▸ **AVAILABLE DATA**
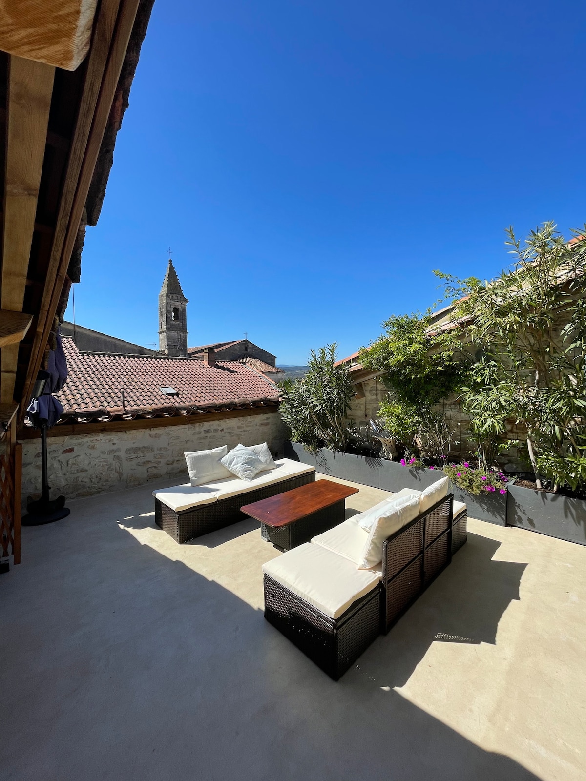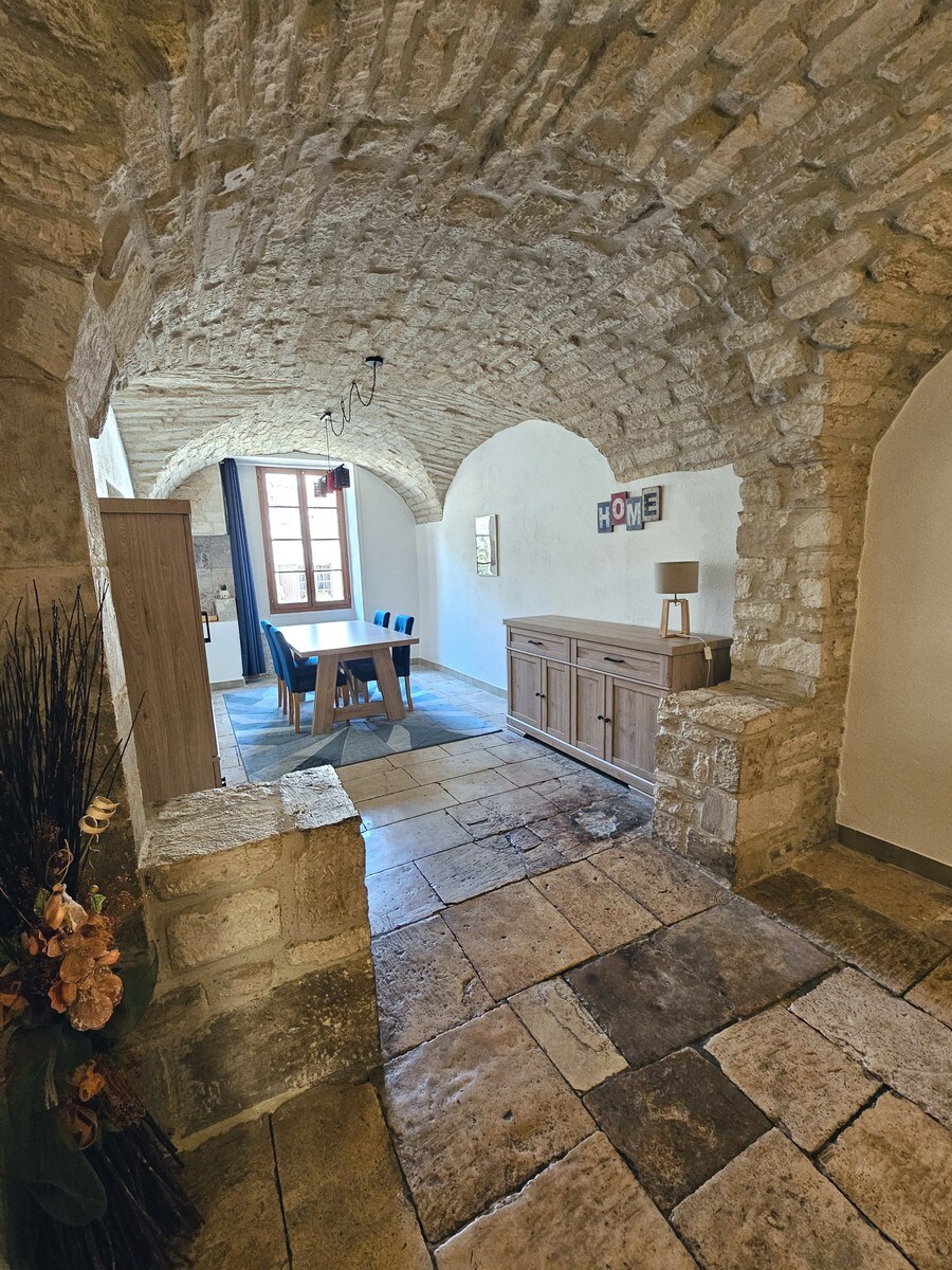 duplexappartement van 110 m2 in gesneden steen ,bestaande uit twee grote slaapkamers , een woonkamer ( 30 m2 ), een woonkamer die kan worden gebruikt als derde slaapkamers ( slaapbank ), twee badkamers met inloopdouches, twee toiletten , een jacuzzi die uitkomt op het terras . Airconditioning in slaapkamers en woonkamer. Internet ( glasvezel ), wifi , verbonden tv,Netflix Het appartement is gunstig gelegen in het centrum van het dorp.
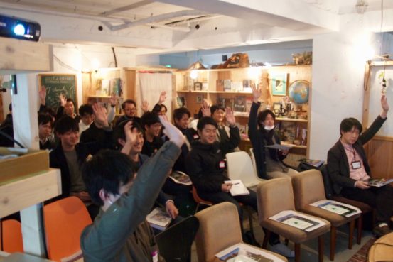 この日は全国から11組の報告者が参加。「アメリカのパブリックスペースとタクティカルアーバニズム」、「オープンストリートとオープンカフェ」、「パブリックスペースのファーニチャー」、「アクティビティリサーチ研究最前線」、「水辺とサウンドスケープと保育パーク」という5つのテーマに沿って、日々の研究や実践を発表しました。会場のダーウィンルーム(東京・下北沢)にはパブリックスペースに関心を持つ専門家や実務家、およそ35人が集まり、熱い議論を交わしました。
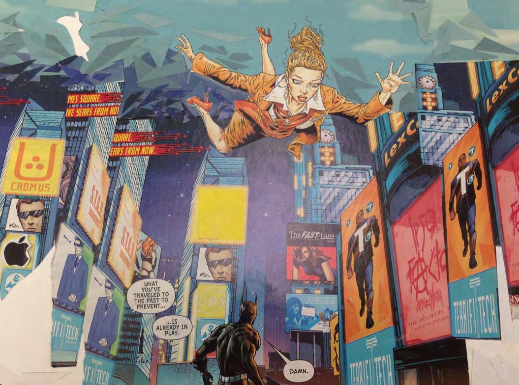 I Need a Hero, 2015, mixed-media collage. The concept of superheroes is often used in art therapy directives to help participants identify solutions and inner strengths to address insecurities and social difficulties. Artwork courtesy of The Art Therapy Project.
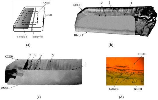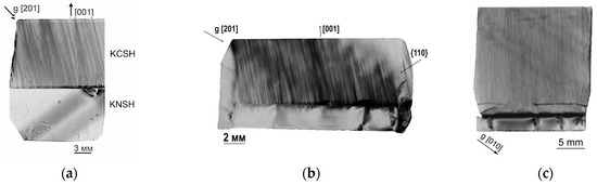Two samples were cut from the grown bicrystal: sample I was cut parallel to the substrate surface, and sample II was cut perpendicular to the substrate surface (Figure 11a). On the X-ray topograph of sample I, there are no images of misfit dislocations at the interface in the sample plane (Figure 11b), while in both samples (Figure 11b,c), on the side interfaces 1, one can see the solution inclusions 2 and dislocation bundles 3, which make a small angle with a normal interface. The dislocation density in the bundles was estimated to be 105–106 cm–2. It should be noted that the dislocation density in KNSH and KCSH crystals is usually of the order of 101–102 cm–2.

▸ **TASK BRIEF**
Pictures stay out of the copy; print the material above exactly.

▸ **OUTPUT**
 duplexappartement van 110 m2 in gesneden steen ,bestaande uit twee grote slaapkamers , een woonkamer ( 30 m2 ), een woonkamer die kan worden gebruikt als derde slaapkamers ( slaapbank ), twee badkamers met inloopdouches, twee toiletten , een jacuzzi die uitkomt op het terras . Airconditioning in slaapkamers en woonkamer. Internet ( glasvezel ), wifi , verbonden tv,Netflix Het appartement is gunstig gelegen in het centrum van het dorp.
 この日は全国から11組の報告者が参加。「アメリカのパブリックスペースとタクティカルアーバニズム」、「オープンストリートとオープンカフェ」、「パブリックスペースのファーニチャー」、「アクティビティリサーチ研究最前線」、「水辺とサウンドスケープと保育パーク」という5つのテーマに沿って、日々の研究や実践を発表しました。会場のダーウィンルーム(東京・下北沢)にはパブリックスペースに関心を持つ専門家や実務家、およそ35人が集まり、熱い議論を交わしました。
 I Need a Hero, 2015, mixed-media collage. The concept of superheroes is often used in art therapy directives to help participants identify solutions and inner strengths to address insecurities and social difficulties. Artwork courtesy of The Art Therapy Project.
Two samples were cut from the grown bicrystal: sample I was cut parallel to the substrate surface, and sample II was cut perpendicular to the substrate surface (Figure 11a). On the X-ray topograph of sample I, there are no images of misfit dislocations at the interface in the sample plane (Figure 11b), while in both samples (Figure 11b,c), on the side interfaces 1, one can see the solution inclusions 2 and dislocation bundles 3, which make a small angle with a normal interface. The dislocation density in the bundles was estimated to be 105–106 cm–2. It should be noted that the dislocation density in KNSH and KCSH crystals is usually of the order of 101–102 cm–2.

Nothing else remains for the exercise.